All of the data is to be written out again exactly, without the pictures.

Data:

++++++

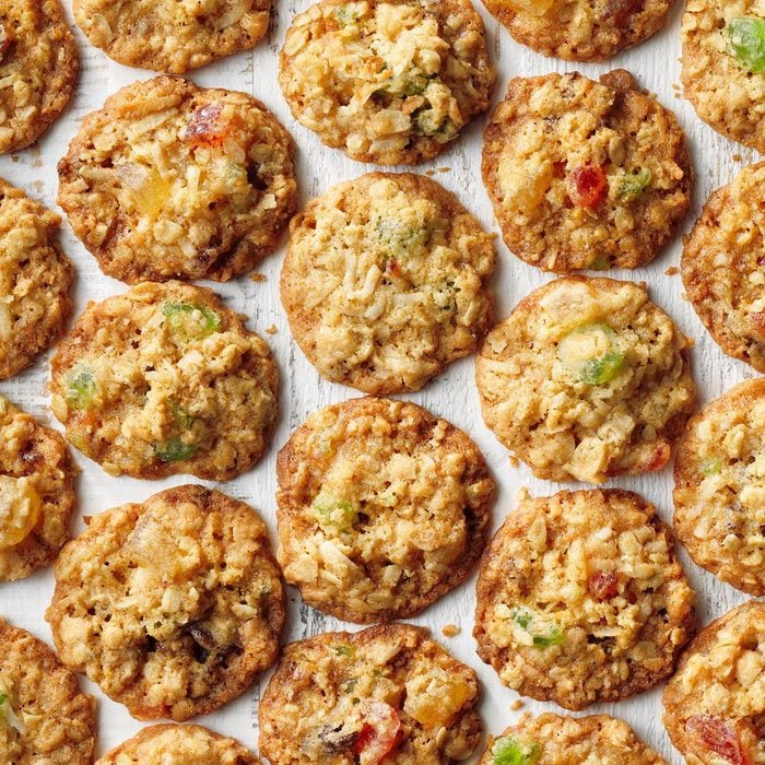 These no-fuss candied fruit cookies are both nutty and fruity, so they're always a hit at holiday time. —Florence Monson, Denver, Colorado
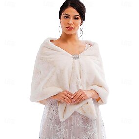 Меховые накидки Шали Женская накидка Однотонный Элегантный стиль Без рукавов Терилен Свадебные накидки С Перья / мех Назначение Свадьба Наступила зима
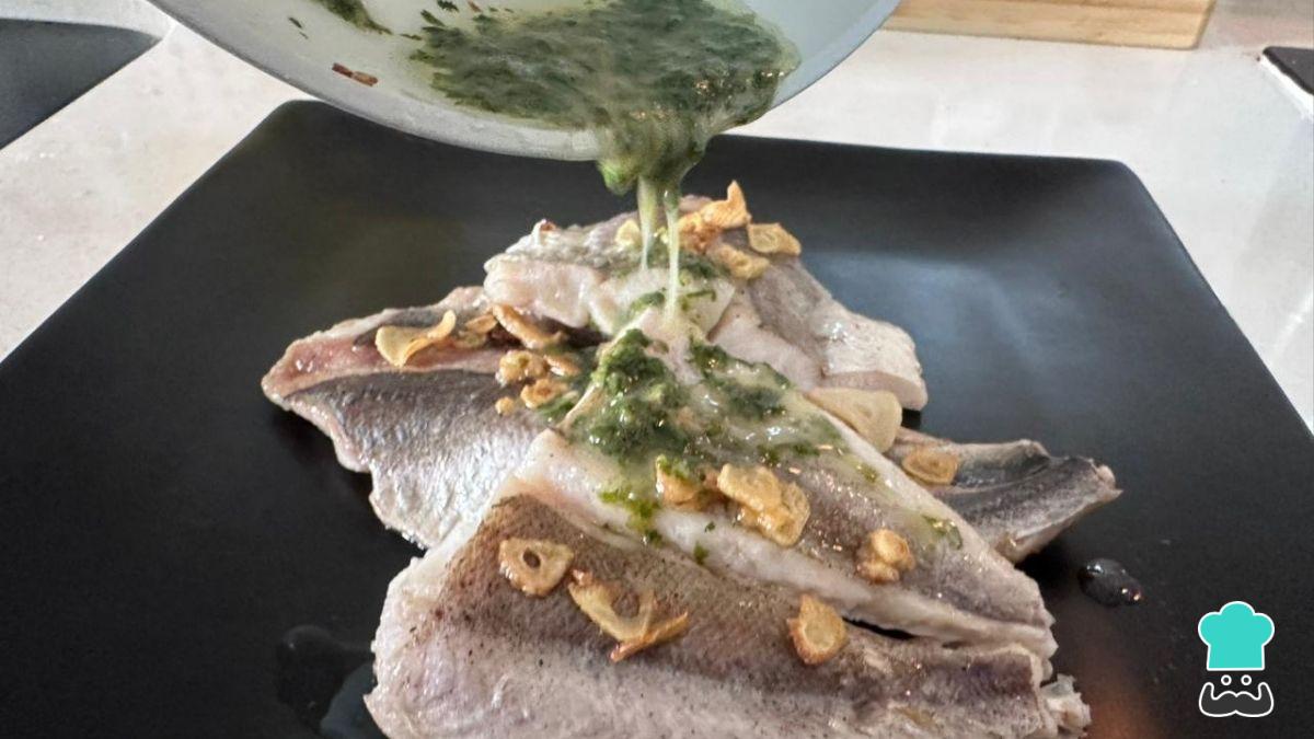 Mientras se cocina el pescado, calienta el aceite de oliva en una sartén pequeña. Añade los ajos laminados y la guindilla. Cocina a fuego medio-bajo hasta que los ajos estén dorados, pero no quemados (si se pasan, amargan).
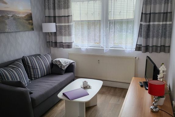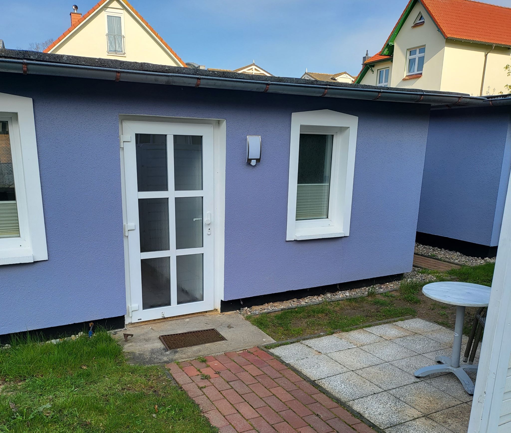 Nur 150 m vom Strand wohnen Sie in einem kleinen 2 Raum-Ferienhaus. Die 35 qm große Wohnung liegt im Erdgeschoss. Das Wohnzimmer ist mit einer Schlafcouch, Couchtisch, Sessel, Anrichte, mit Kabel-TV, Radio, Essbereich (Tresen mit Hocker) und Küchenzeile ausgestattet. Die Terrasse mit Tisch und Stühle geht zur Ostseite. Im Schlafzimmer stehen ein Doppelbett und ein Kleiderschrank. Die Küchenzeile wurde ausgestattet mit Mikrowelle, Kühlschrank, Kaffeemaschine, 2 Platten-Kochfeld, Toaster und Wasserkocher. Das Bad mit Dusche und WC komplettiert das kleine Ferienhaus.

++++++

Result of the task:
 These no-fuss candied fruit cookies are both nutty and fruity, so they're always a hit at holiday time. —Florence Monson, Denver, Colorado
 Меховые накидки Шали Женская накидка Однотонный Элегантный стиль Без рукавов Терилен Свадебные накидки С Перья / мех Назначение Свадьба Наступила зима
 Mientras se cocina el pescado, calienta el aceite de oliva en una sartén pequeña. Añade los ajos laminados y la guindilla. Cocina a fuego medio-bajo hasta que los ajos estén dorados, pero no quemados (si se pasan, amargan).
 Nur 150 m vom Strand wohnen Sie in einem kleinen 2 Raum-Ferienhaus. Die 35 qm große Wohnung liegt im Erdgeschoss. Das Wohnzimmer ist mit einer Schlafcouch, Couchtisch, Sessel, Anrichte, mit Kabel-TV, Radio, Essbereich (Tresen mit Hocker) und Küchenzeile ausgestattet. Die Terrasse mit Tisch und Stühle geht zur Ostseite. Im Schlafzimmer stehen ein Doppelbett und ein Kleiderschrank. Die Küchenzeile wurde ausgestattet mit Mikrowelle, Kühlschrank, Kaffeemaschine, 2 Platten-Kochfeld, Toaster und Wasserkocher. Das Bad mit Dusche und WC komplettiert das kleine Ferienhaus.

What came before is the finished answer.